Apart from the family vacations, Nyasa and I have undertaken many trips together. Just the two of us. From hills to deserts to seas to plains. Travelling with her alerted me to a strange dichotomy. While women travellers, solo or in all women's group, are growing in number, very few women holiday with their children. It is still a full family affair. A woman-child duo, unaccompanied by a man, still baffles people.

During a hill vacation as I sat demurely with Nyasa watching people dancing around the bonfire, she forced me to join the group. A few minutes into dancing, a man approached me and said, "I don't understand your intentions. With child one moment, dancing the very next." I remember that my answer "Dancing mothers raise happy children" baffled him even more.

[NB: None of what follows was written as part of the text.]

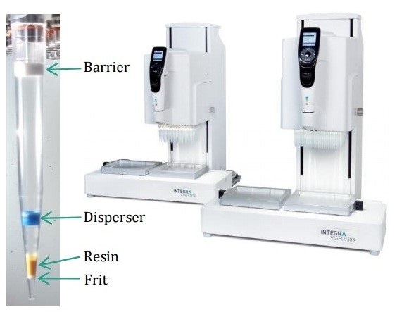The Integra system is loaded with well plates containing hydrolyzed urine samples. Then, pre-filled well pates for elution solvent and water wash are mounted into the Integra, and 30% methanol is aspirated from a solvent reservoir to condition the DPX tips.

Similarly, during our road trip in Gujarat last year, even the most liberated minds found it unusual for a mother-daughter duo to traverse the state. "India mein aisa dekha nahi." In Gujarat, Nyasa grew up suddenly. All of six, not only did she learn to organise herself as per the travel itinerary; she learnt how important it was to explore the uncharted territories. I had my moments of doubt trundling her along to the crowded Kalupura neighbourhood, secluded yet pristine beaches of Diu or the Harappan ruins of Dholavira. She took all of it in her stride as her innocence put a protective blanket around her consciousness. "Mamma, this is the adventure place." Eating in random villagers' kitchens in Kutch, she learnt that Muslims also eat vegetables. In Diu, she understood that churches are as beautiful as temples.

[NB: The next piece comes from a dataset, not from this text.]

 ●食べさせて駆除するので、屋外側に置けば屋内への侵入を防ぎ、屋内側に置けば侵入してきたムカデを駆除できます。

The last trip we took together was to Amritsar and it has left an indelible mark on me as a mother as well as a citizen. Amidst the contending cheers of "Hindustan Zindabad" and "Jeevey Jeevey Pakistan" at the Attari-Wagah border, she asked me "Why do we think that our own country is the best? Others can also be as good or even better".

A quick lecture on nationalism was given. She responded by saying, "Mamma, I don't hate Pakistan. Do Pakistanis hate me?" I pointed her to a little girl on the Pakistani side who was waving at her frantically. She then asked me to take her to Pakistan soon. "But we are taking you to America later this year. You want Pakistan instead?" Her response struck me dumb: "Mamma, America toh kabhi bhi chale jayenge."

For a Women's Day column, I have written about my daughter not as a doting mother but a grateful one. She is the one earning me the "brave" tag. That's how my close friends and colleagues introduce me to their family members.

Nyasa and I maintain a long distance relationship, thereby challenging the traditional definitions of motherhood and, by extension, womanhood. Our to-and-fro travels empower us in ways more than one.

Many people get irked by women's heightened display of sensitivity as parents. I'd rather more men did the same.

Instead of silencing the doting mothers, let more fathers talk incessantly about their children. Bequest of joys and jitters of parenting should be egalitarian. As of now, Nyasa and I have our bags packed again.

Disneyland beckons the little girl, and casinos the mother.